Sunday, November 1, 2009

Lacey's Kisses

by Felicity Dowker

Everyone agreed that it was the worst sort of tragedy.

Lacey Kensington was five years old when a drunk driver veered up onto the kerb and slammed into her tiny body one bright afternoon. The impact jerked Lacey’s hand out of her mother’s and threw her clean over to the other side of the road. Kendra Kensington watched with horrified eyes as her little daughter slammed into the pavement and lay unmoving in a growing pool of blood, both legs sticking out at crazed angles. Ignoring the slurred apologies of the driver (who didn’t seem to know where he was), Kendra ran across the road, desperate to reach Lacey. She knew if she could just lay her hands on the girl and beg her to sit up, to speak, to plant one of her sweet soft kisses on her mother’s cheek, Lacey would be alright.

But the air was thick sludge around her, and as she struggled to move through it, each moment agonizingly slow, Kendra was filled with the sudden certainty that Lacey would never gift her with a warm wet kiss ever again.

She didn’t know it, but she was screaming even before she saw the gaping hole in Lacey’s head.

__________


Five long months in hospital followed, plugged into an IV drip, a respirator, a catheter, a colostomy bag, and riddled with wires and monitors. There was not much of the little girl left in Lacey. She had become a skeletal old woman, her diminutive form pitiful under the stark white sheets and fluorescent glare. Her skull bore a visible crater from the fracture she’d sustained, and her legs were twisted beyond recognition. Their healing had been slow and problematic, plagued by recurring infections. Her sunken eyes were perpetually closed, ringed in garish yellow. The only sound in the bare room was the whoosh-beep, whoosh-beep of the respirator and heart monitor. Kendra heard that noise in her sleep; not that she got much sleep these days.
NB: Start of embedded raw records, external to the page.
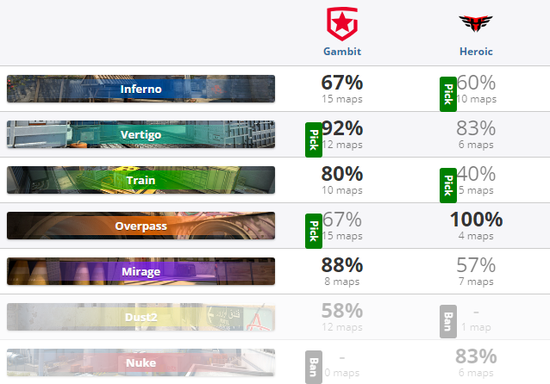 Gambit 2-3 Heroic(Inferno 17-19;Vertigo 16-3;Train 26-28;Overpass 16-10;Mirage 6-16)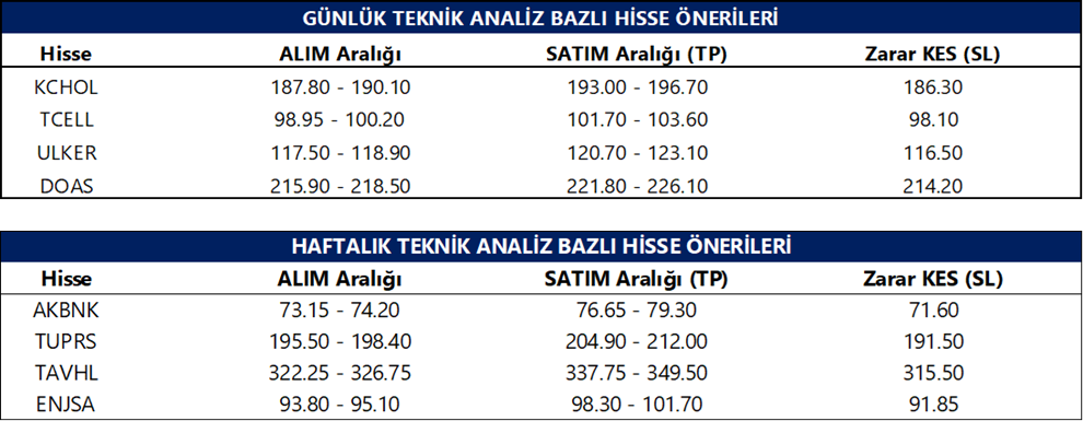 Günlük Teknik Analiz Bazlı Hisse Önerileri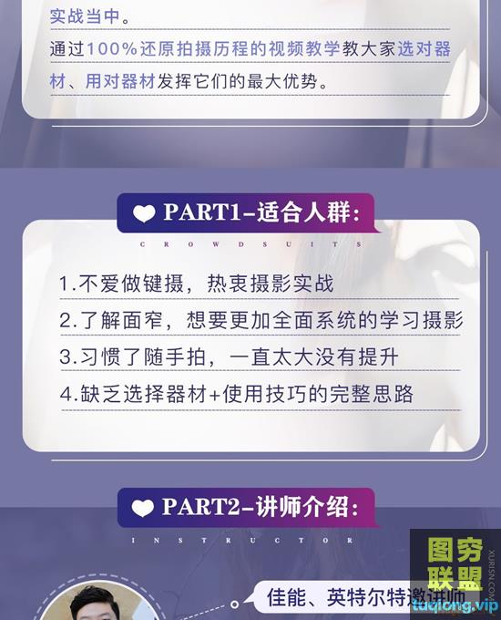 通过100%还原拍摄历程的视频教学教大家选对器材、用对器材发挥它们的最大优势。

Every time she dangled on the brink of slumber, she heard the shriek of brakes, the squeal of tyres, and the grisly whump as the car hit Lacey’s body and plunged them both into an endless waking nightmare.

My baby. My darling, precious, poor tiny baby. Look what’s become of you. It’s beyond unfair. It’s…evil. Do you blame me? Sometimes in my dreams, you tell me it’s my fault. I should have seen the car coming. I should have saved you. But I didn’t.
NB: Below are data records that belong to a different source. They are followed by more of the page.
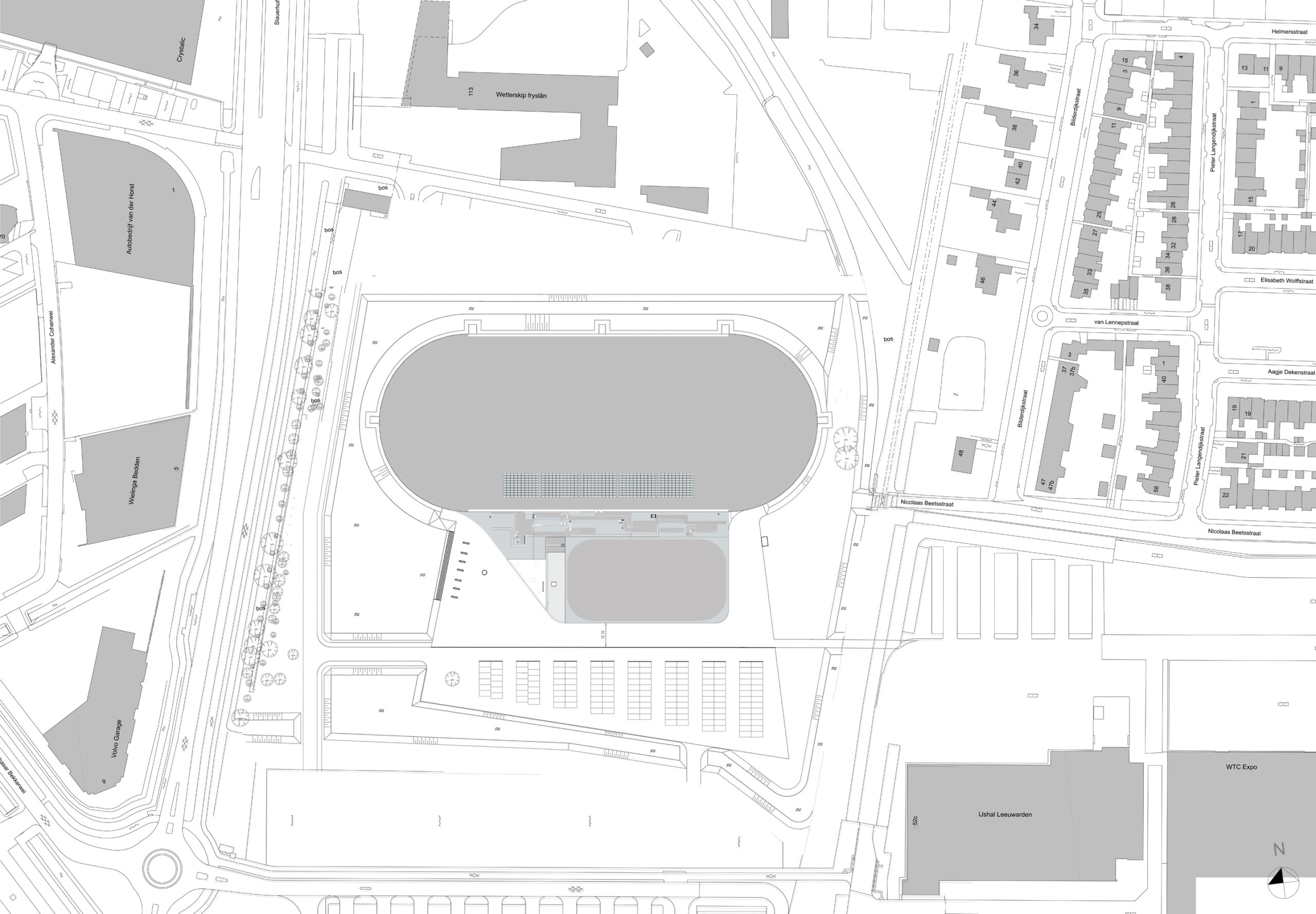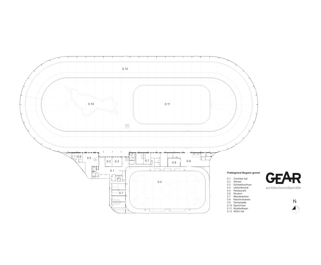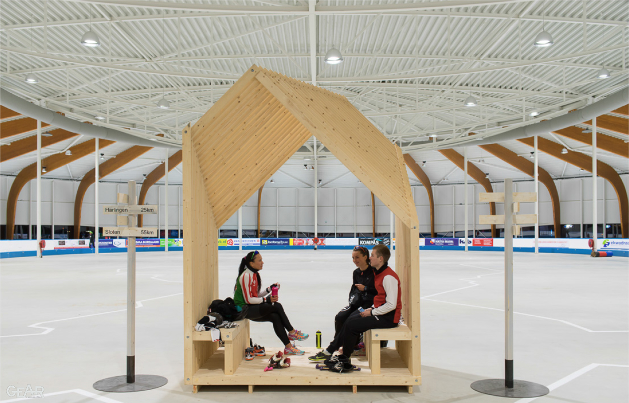 Zoals een bevroren sloot door het vlakke land vloeit, zo volgt de gevel op een natuurlijke en pragmatische manier het functionele programma. Op de gevel zijn lichtstrepen aangebracht als krassen op het ijs. De gevel barst als een ijsschots open op plekken waar licht en zicht gewenst zijn. Het dak dekt de ijshal af als een winterse sneeuwdeken over het land. Aan de buitenzijde loopt het maaiveld als een dijkje op tot de onderzijde van de raamstroken.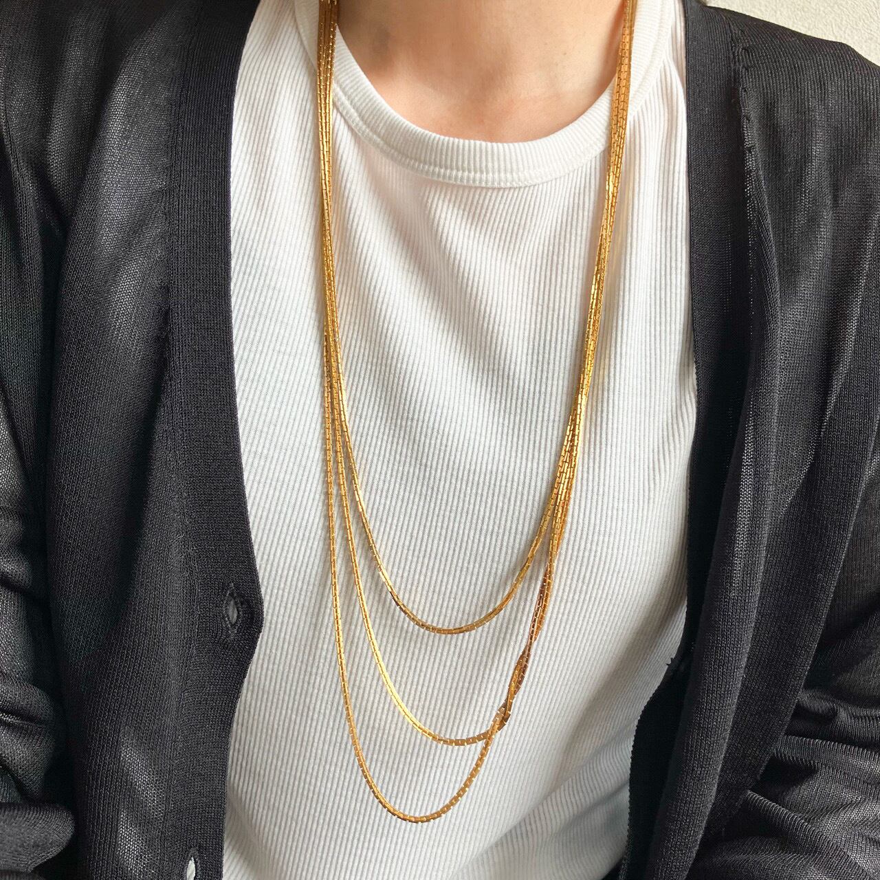 落ち着いたゴールドメタルのクールなスクエア型チェーンで三連になったお洒落なデザインが、とても素敵なヴィンテージネックレスです。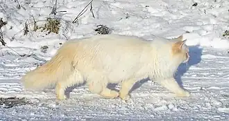 Neva Masquerade cats moult twice a year.[19] They will shed their heavy winter coat during spring.[9] This winter moult is instigated not by a change in temperature but by a change in day length. Many Neva Masquerades will experience a less intense "mini-moult" at the end of the summer season to prepare for their thick winter coat,[9] unlike other cats, which will experience a "heavy moult" more than twice a year. However, they will still lose fur year-round and need to be groomed daily in order to prevent their dense triple coat from matting. The Siberian Neva Masquerade cat has been noted for its hypoallergenic properties primarily attributed to lower levels of the Fel d 1 protein.[20]

Kendra kept a photo of Lacey from Before propped on her steel bedhead, so that when it became too overwhelmingly terrible and she wanted to run sobbing from the sarcophagal room, she could look at the picture and remember who the ravaged creature in the bed used to be. A plump girl with curly blonde hair and an impish grin twinkled at Kendra from the photo, all blue eyes and small white teeth.

You used to tell me I was your best friend in the whole world. You used to tell me you loved me THIS much. You used to crawl into bed with me in the morning and smother my face with your kisses. I’d give anything for one of your kisses, Lacey, my cherub, my angel, my wee one. Please, darling. Come back from where ever you’ve gone. Come back and give mummy a kiss. Just one last kiss.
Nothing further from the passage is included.